**ACTIVITY**
What follows is a set of records; repeat them exactly, without the pictures.

Dataset entries:
===
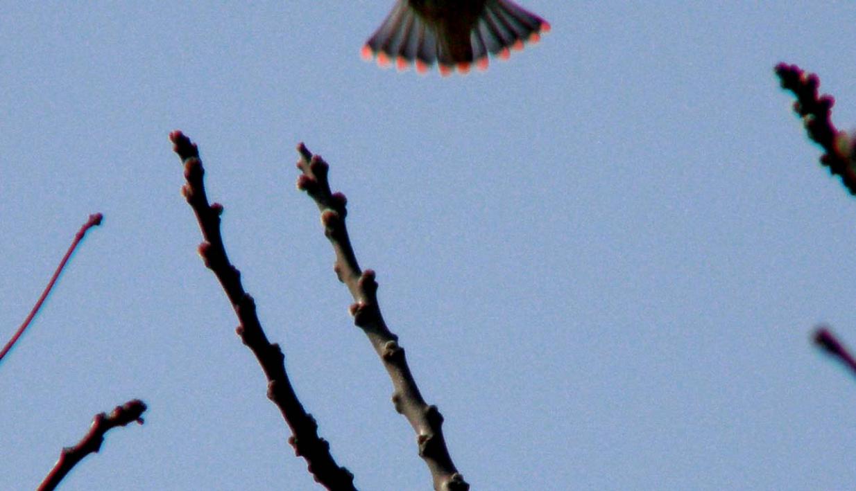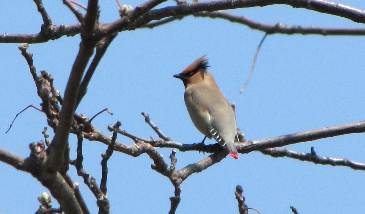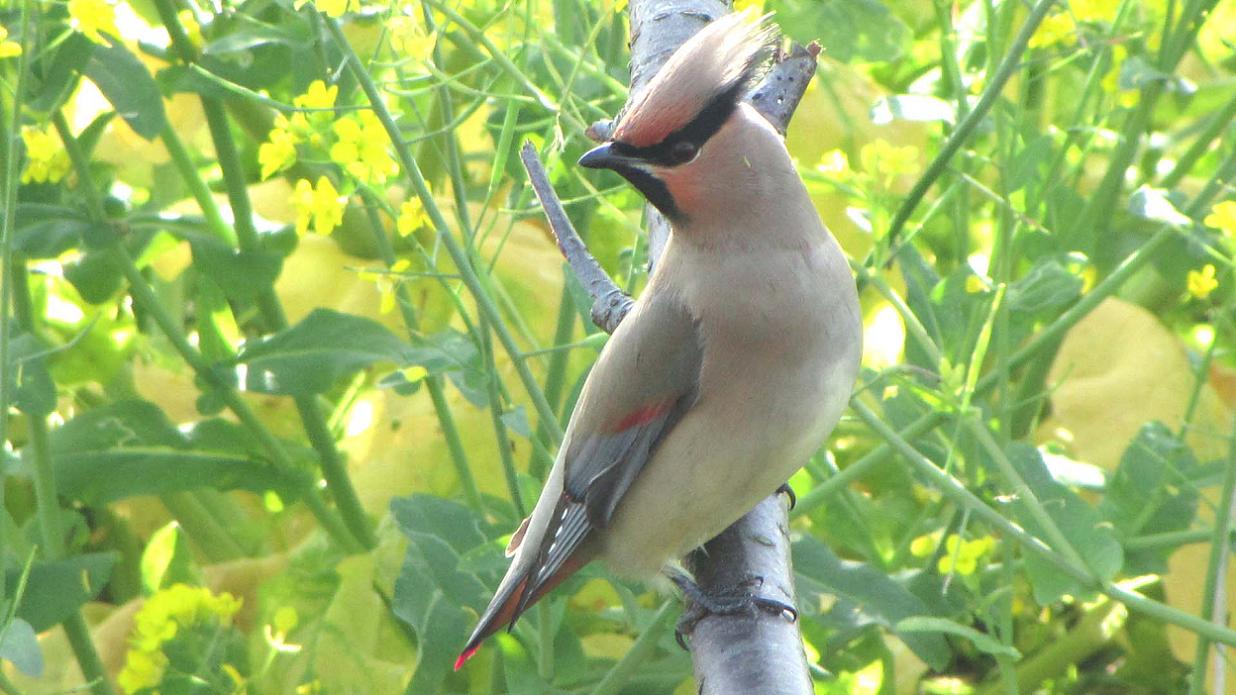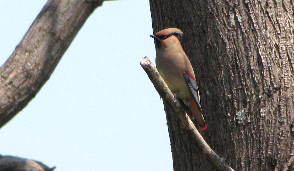 尻尾の先端が赤いのが特徴、ヒレンジャクです
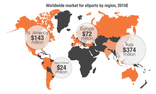 SuperData Research稱,電子競技市場的收入主要來自韓國和中國,那裏的電子競技消費群十分龐大,而且擁有較長的發展歷史。但得益於《英雄聯盟》、《Dota 2》和《反恐精英》等游戲的的流行,歐洲和美國的電子競技市場也在迅速發展。
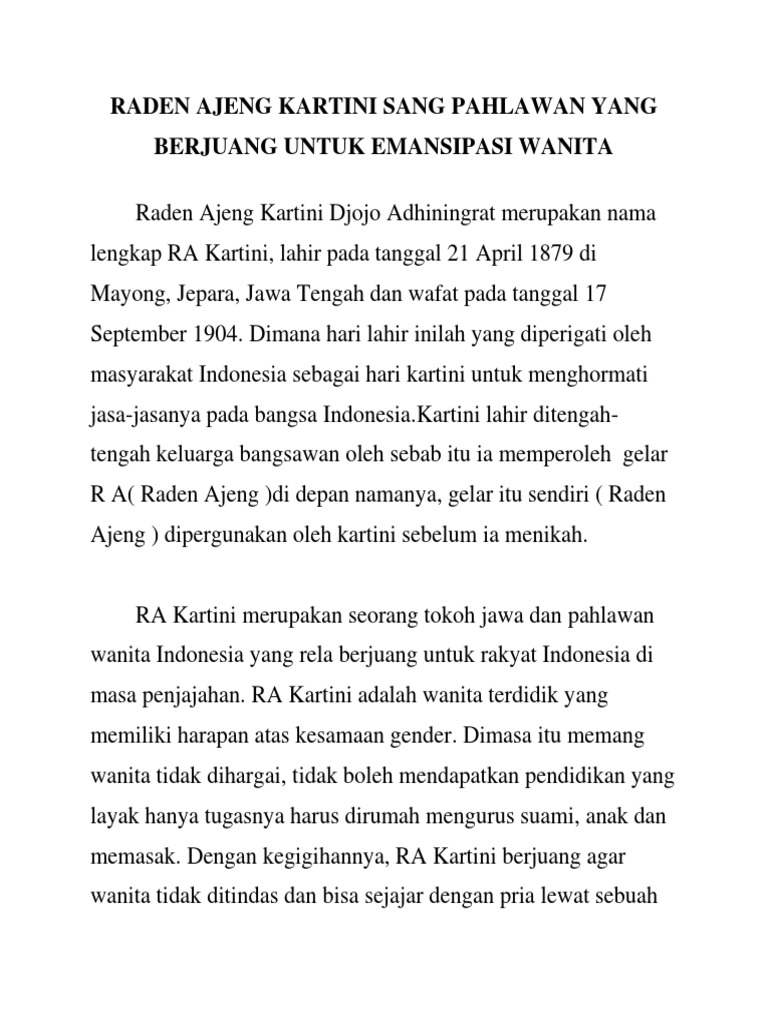 Deskripsi Tokoh Pahlawan Nasional Favorit RA Kartini Raden Adjeng Kartini adalah seseorang dari kalangan priyayi atau kelas bangsawan Jawa putri Raden Mas Adipati Ario Sosroningrat bupati Jepara. The mother of Kartini is Ngasirah the first. Kartini dikenal sebagai wanita yang mempelopori kesetaraan derajat antara wanita dan pria di Indonesia.
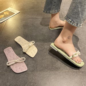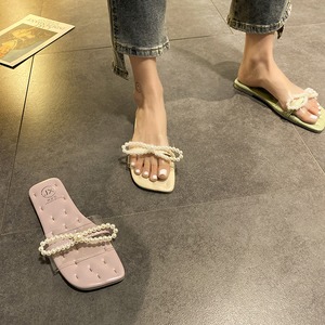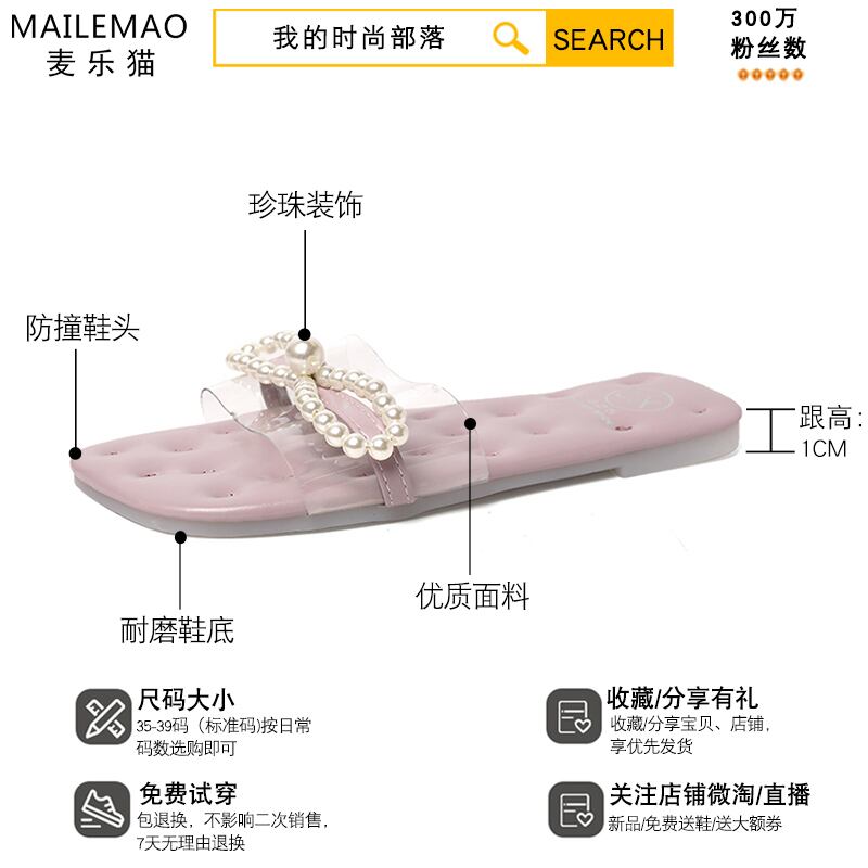 アウタースリッパ女性2020新しい夏の摩耗純赤フラットボトムファッションパールソフトボトムシーサイドサンダル 部族の婦人靴6667583
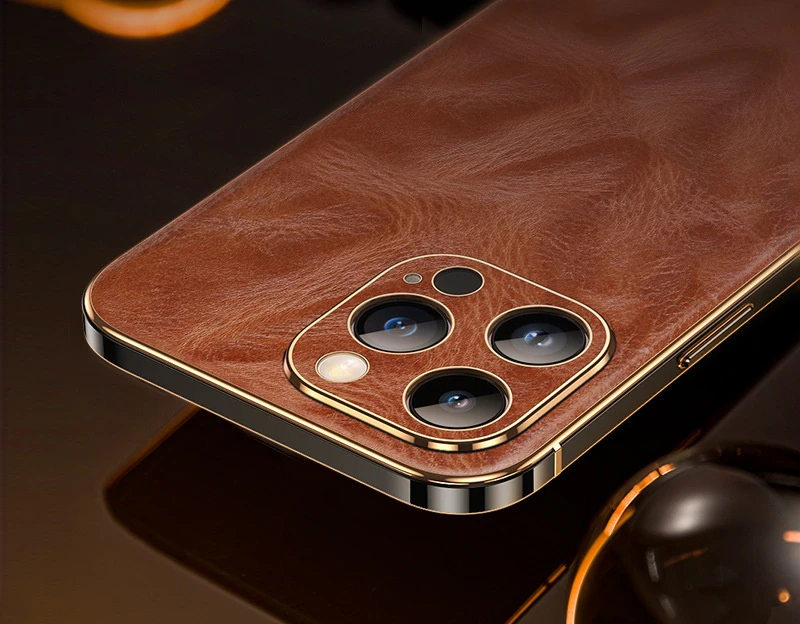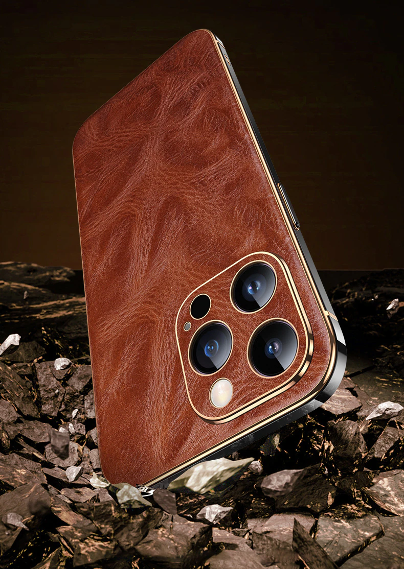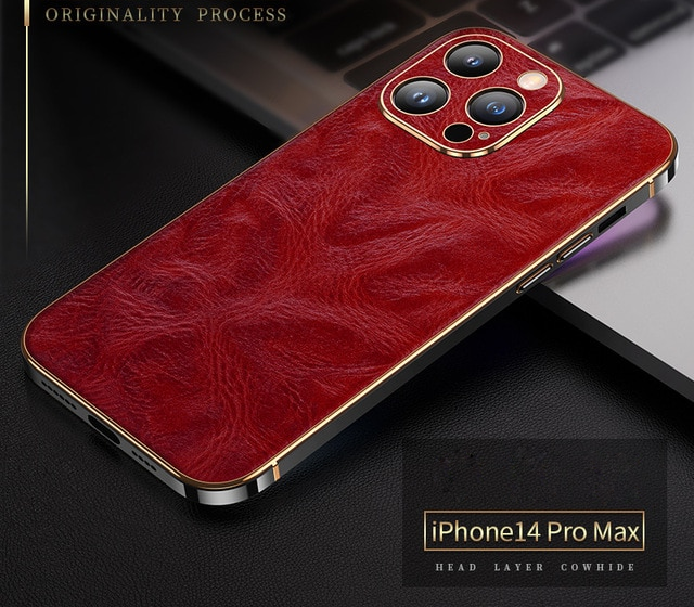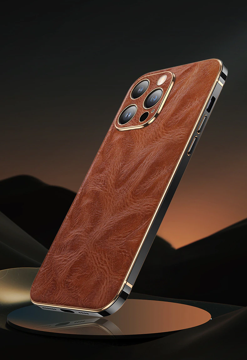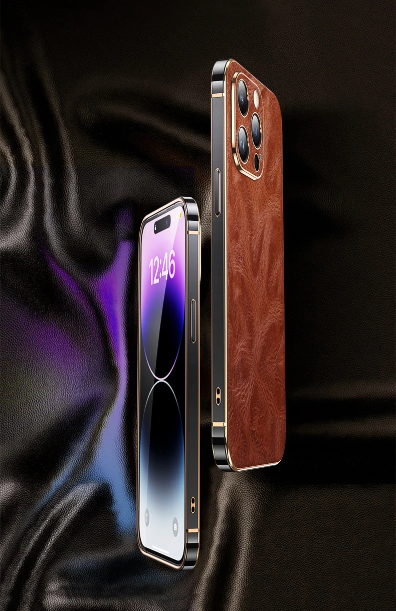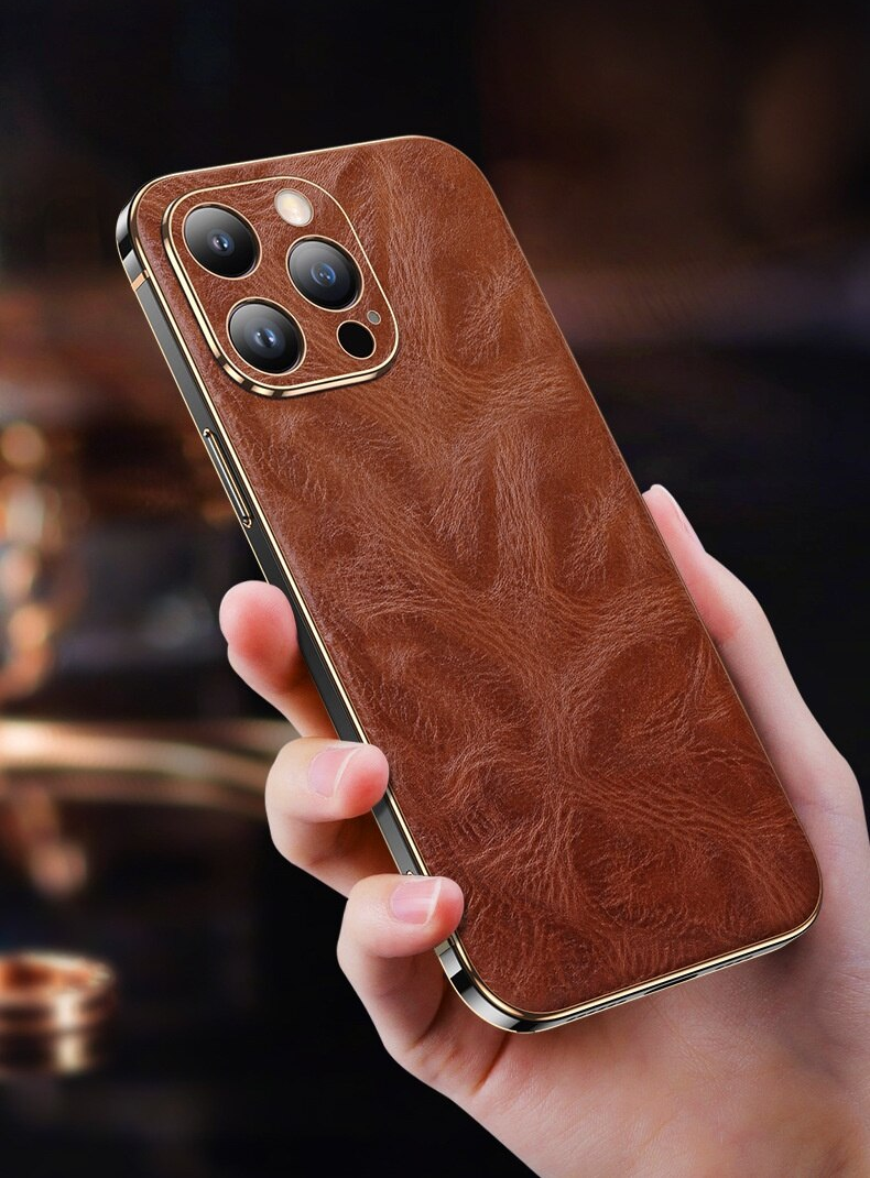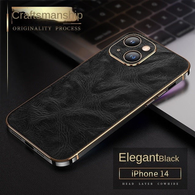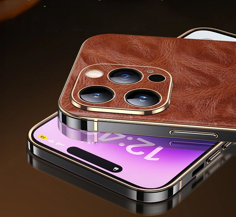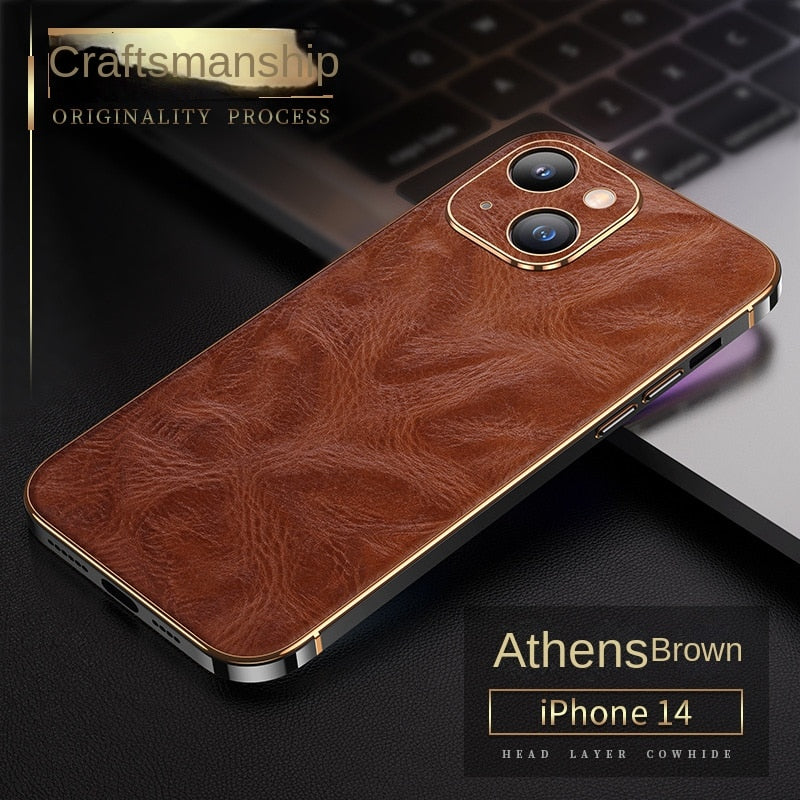Premium Leather Oil Wax Metal Border Case for iPhone 14 13 series
===
**ANSWER BELOW**
 尻尾の先端が赤いのが特徴、ヒレンジャクです
 SuperData Research稱,電子競技市場的收入主要來自韓國和中國,那裏的電子競技消費群十分龐大,而且擁有較長的發展歷史。但得益於《英雄聯盟》、《Dota 2》和《反恐精英》等游戲的的流行,歐洲和美國的電子競技市場也在迅速發展。
 Deskripsi Tokoh Pahlawan Nasional Favorit RA Kartini Raden Adjeng Kartini adalah seseorang dari kalangan priyayi atau kelas bangsawan Jawa putri Raden Mas Adipati Ario Sosroningrat bupati Jepara. The mother of Kartini is Ngasirah the first. Kartini dikenal sebagai wanita yang mempelopori kesetaraan derajat antara wanita dan pria di Indonesia.
 アウタースリッパ女性2020新しい夏の摩耗純赤フラットボトムファッションパールソフトボトムシーサイドサンダル 部族の婦人靴6667583
Premium Leather Oil Wax Metal Border Case for iPhone 14 13 series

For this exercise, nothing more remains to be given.